> TASK REQUIREMENTS: Your answer must be the exact lines from the one holding "Moeda de ouro" through the last line of the records below, with no pictures.

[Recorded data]
..........
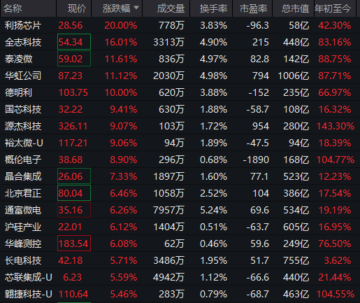 芯片、半导体板块走强,利扬芯片20%涨停,全志科技(300458)、泰凌微、华虹公司涨幅居前。
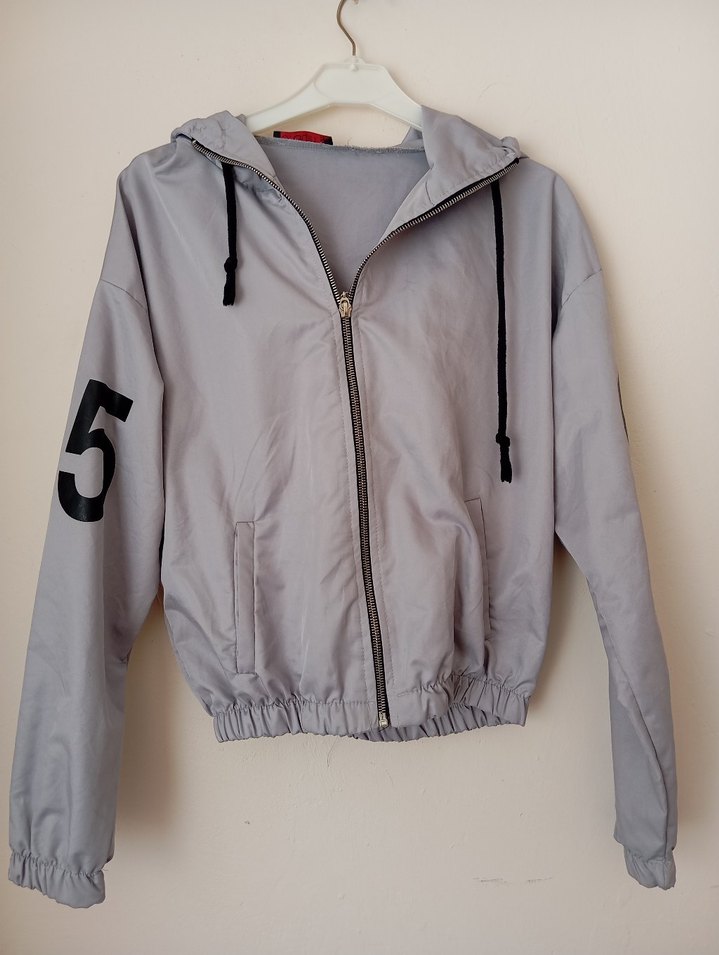 Kısa boylu, kapüşonlu, uzun kollu kadın ceket. Fermuarlı, bol kesim, kolunda baskılı numara detayı vardır. Sentetik kumaştan üretilmiştir. M bedene uygundur.
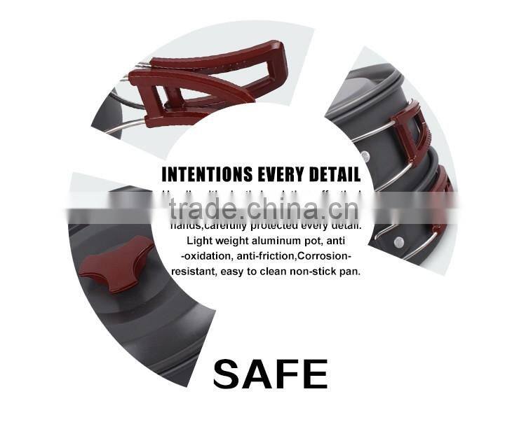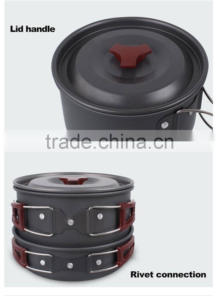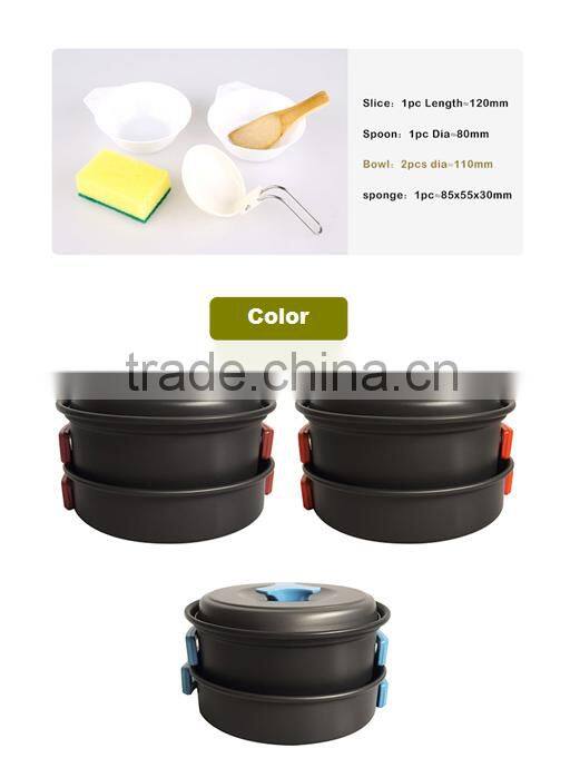 2016 Hot Sale Outdoors and Camping Portable Anodized Aluminum Cookware Sets Non Stick
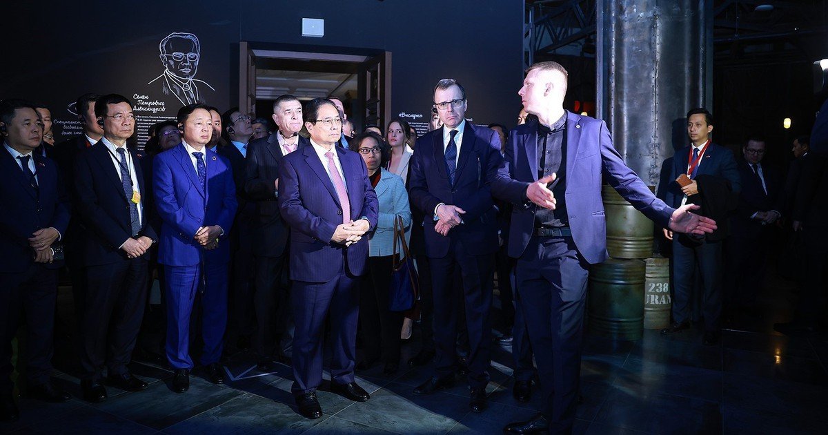 Tại các triển lãm “Dự án nguyên tử Liên Xô” và “Thời đại của những người tiên phong”, Thủ tướng đã được giới thiệu về những khám phá đầu tiên và quan trọng nhất trong lĩnh vực nguyên tử. Ông đặc biệt ấn tượng với quá trình nghiên cứu, phát triển công nghệ nguyên tử, các yếu tố cốt lõi của khoa học, nguồn lực con người và cơ sở vật chất góp phần phát triển năng lượng nguyên tử vì mục đích hòa bình. Thủ tướng cũng bày tỏ ngưỡng mộ về thành tựu của Liên Xô và Nga trong lĩnh vực này và nhấn mạnh các dự án hợp tác giữa Việt Nam và Nga trong nghiên cứu, phát triển năng lượng hạt nhân, tiêu biểu nhất là việc ký kết thỏa thuận xây dựng nhà máy điện hạt nhân tại Việt Nam nhằm đảm bảo an ninh năng lượng quốc gia.
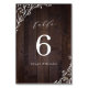Rustic wildflower floral design on dark brown barn wood background, simple and elegant, great table number cards for fall backyard country wedding, winter rustic wedding, vintage boho wedding, or outdoor botanical garden wedding.
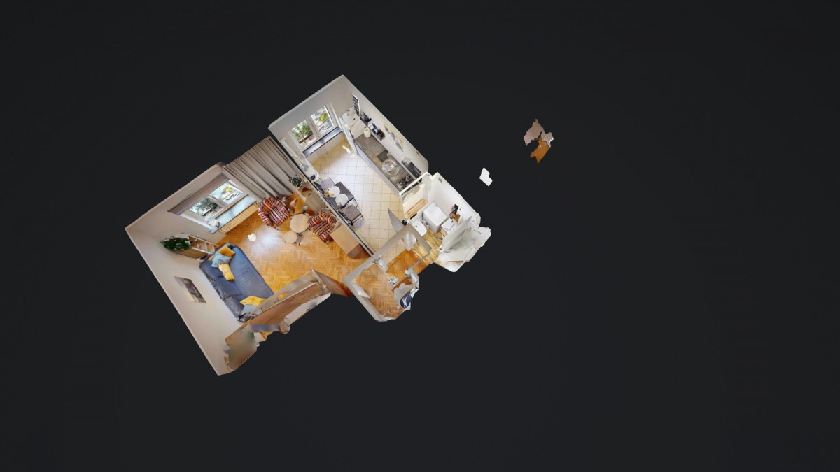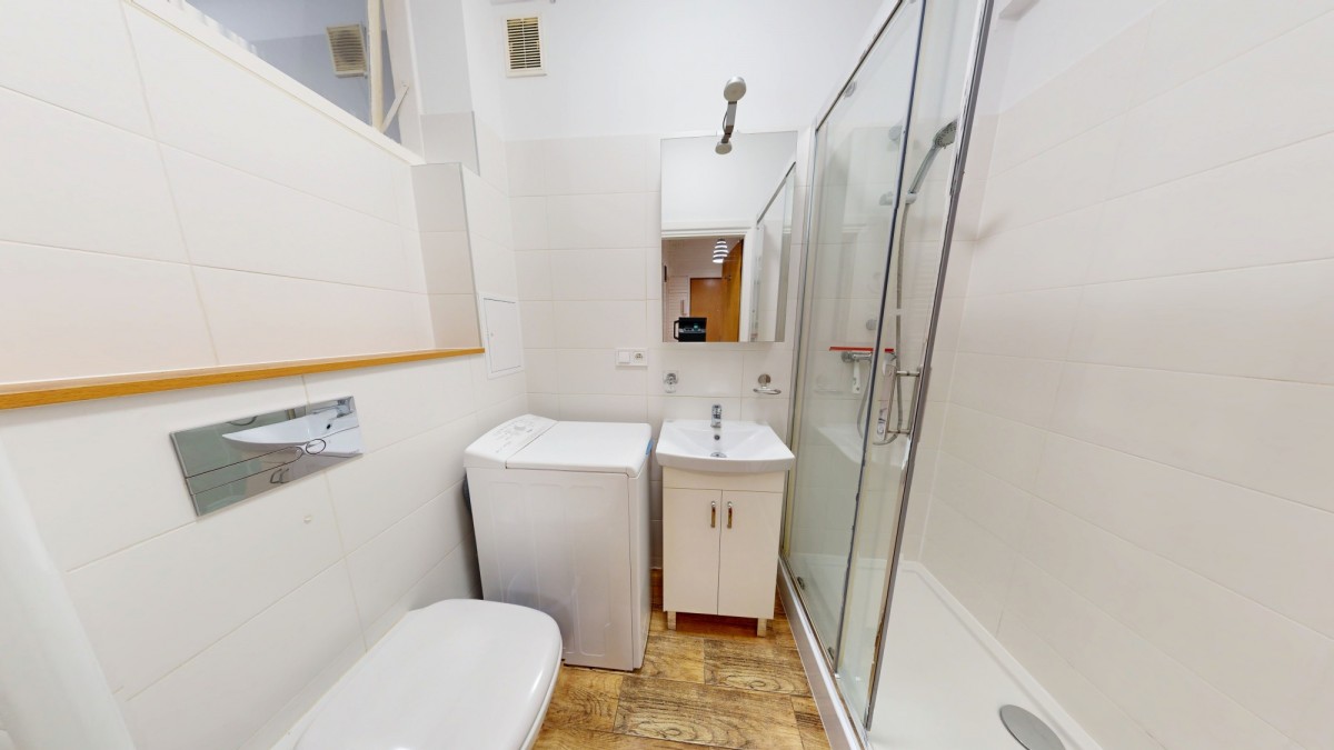 - Łazienka (3 m²) z kabiną prysznicową, pralką,
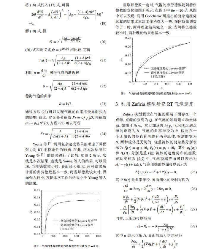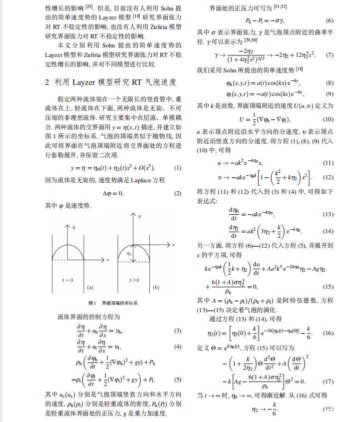 本文分別利用Sohn提出的簡(jiǎn)單速度勢(shì)的Layzer模型和Zufiria模型研究界面張力對(duì)RT不穩(wěn)定性增長(zhǎng)的影響,并對(duì)不同模型進(jìn)行比較。
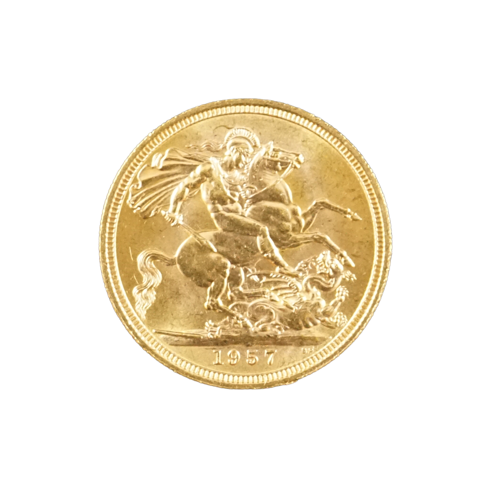 Moeda de ouro original do Reino Unido datada do ano de 1957.
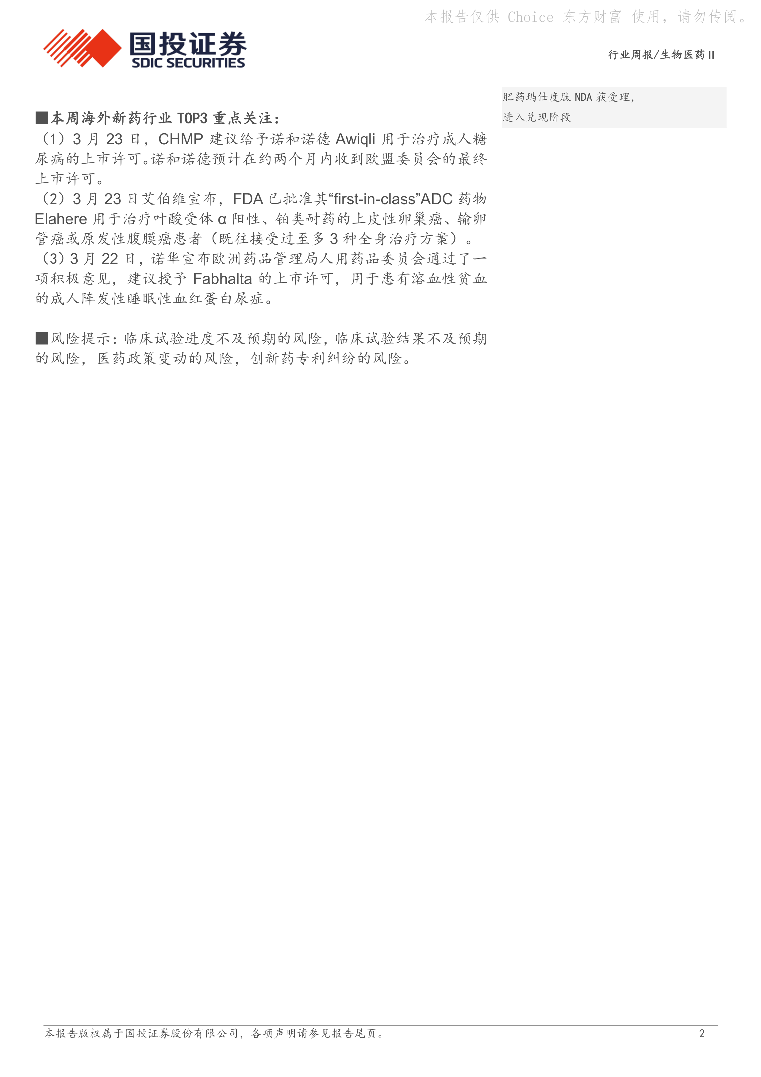 本周国内新药行业TOP3重点关注:
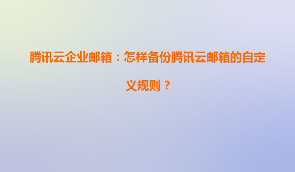 2025-08-11腾讯云企业邮箱:如何备份自定义规则及产品优势解析 一、为什么要备份自定义规则? 腾讯云企业邮箱的自定义规则功能(如邮件自动分类、转发、标记等)能显著提升办公效率。但系统重装、...
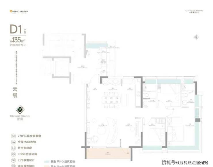 超大尺度与超强采光面,四开间朝南+主卧270°无柱转角飘窗+灵动空间设计,豪宅基因与品质感跃然于眼前,全市改善稀缺品种。
..........
> ANSWER:
 Moeda de ouro original do Reino Unido datada do ano de 1957.
 本周国内新药行业TOP3重点关注:
 2025-08-11腾讯云企业邮箱:如何备份自定义规则及产品优势解析 一、为什么要备份自定义规则? 腾讯云企业邮箱的自定义规则功能(如邮件自动分类、转发、标记等)能显著提升办公效率。但系统重装、...
 超大尺度与超强采光面,四开间朝南+主卧270°无柱转角飘窗+灵动空间设计,豪宅基因与品质感跃然于眼前,全市改善稀缺品种。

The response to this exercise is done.